オレンジジュース[短編集]


「しい…なさん?」

しかもあたしの名前──知ってる。
とりあえずぶつかってしまった恥ずかしさから、顔が赤くなり、それを隠そうと俯いた。

「ごっ、ごめんなさい本当に!!」

いざ本人を前にすると、笑顔の方法も、相手をドキっとさせる必勝仕草も、頭からすっかり抜け落ちてしまっていた。

「いや。俺は大丈夫。椎名さんこそ怪我ない?」

下から顔を覗き込む久我くん。思わず目をそらす。胸はさっきからずっとドキドキ高鳴りっぱなしだ。

「じ、じゃあね久我くんっ!」

そう言って走り出したあたし。


─────ギュッ。

え…?
不意に腕を後ろに引っ張られた。ぽすっという音を立て、気づけばそこは久我くんの腕の中だった。
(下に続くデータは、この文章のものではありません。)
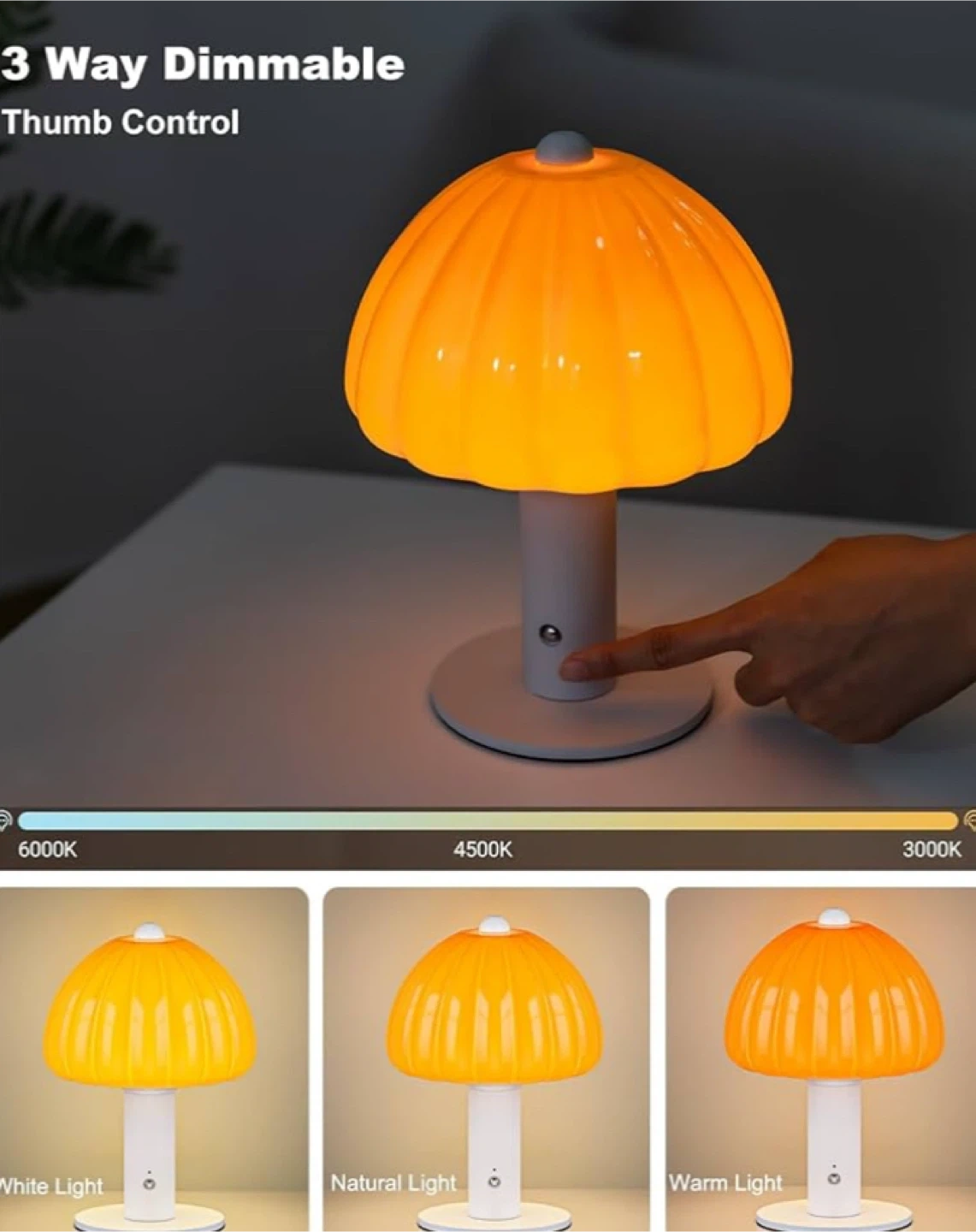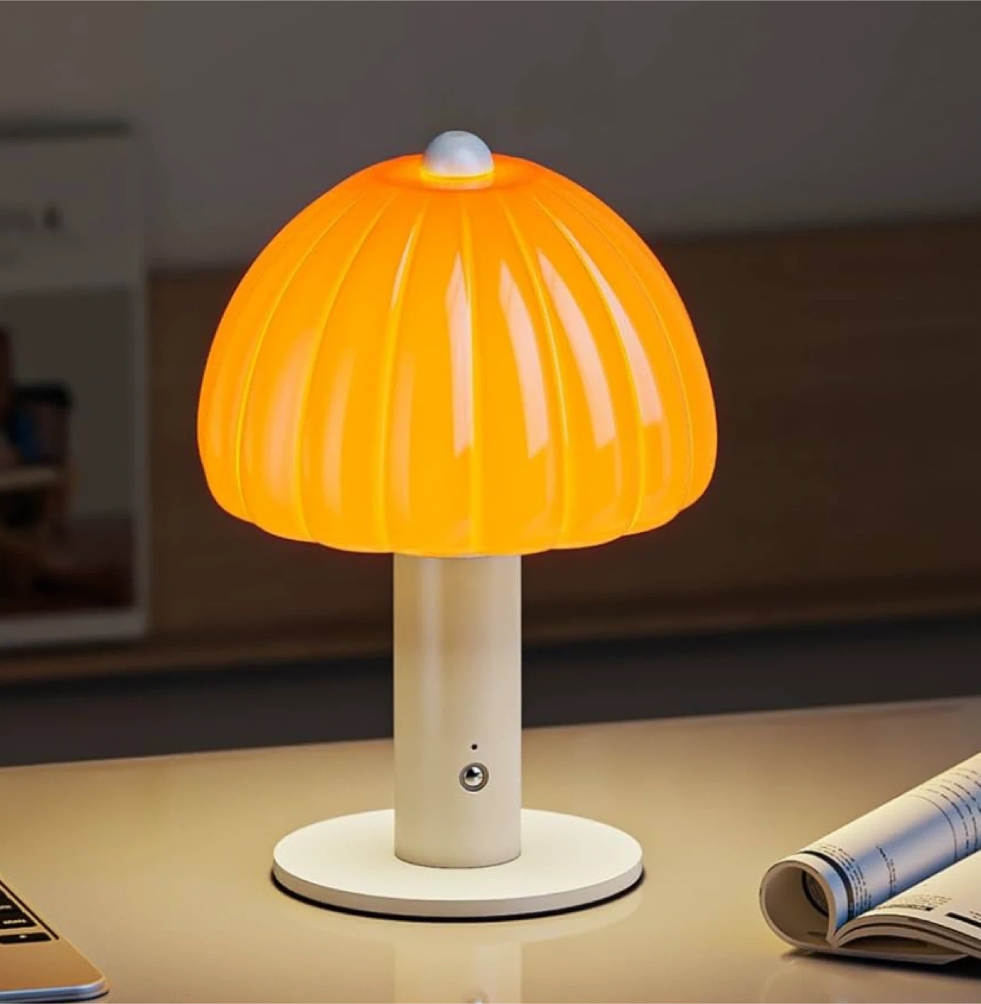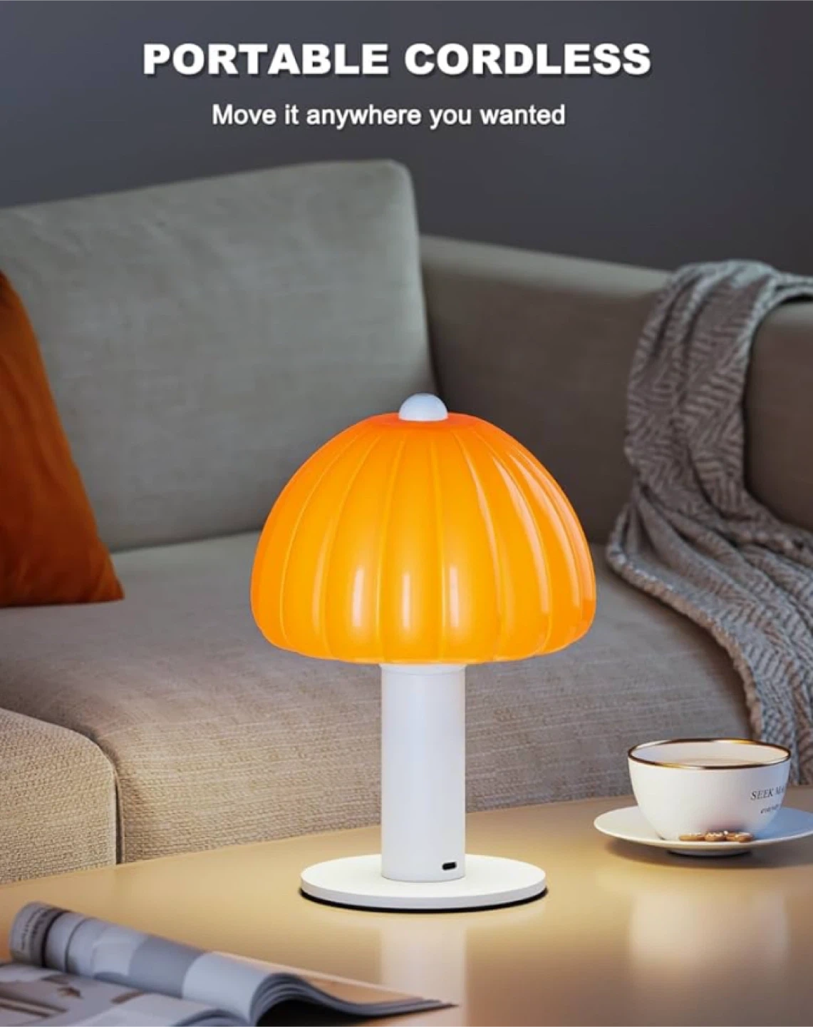 This FANHAO glass pumpkin light is a super cute bedside table lamp! It features a 3-colour dimmable setting. It's portable and cordless with a 4000mAh rechargeable battery.

何が起こったのか頭がついていけず、パンク寸前のあたしに久我くんが口を開く。

「俺…椎名さんのこと知ったのここ最近なんだけどさ…。知ってからというもの、なんか目が離せなくて。いっつもパワフルでそれでもって女らしくて可愛くて。
えぇっと…つまり…

椎名さん…好きです」

久我くんはそれから最後に、ギュッとあたしを包む腕に力を込め、「返事はいつでもいいから」と言い残して去っていった。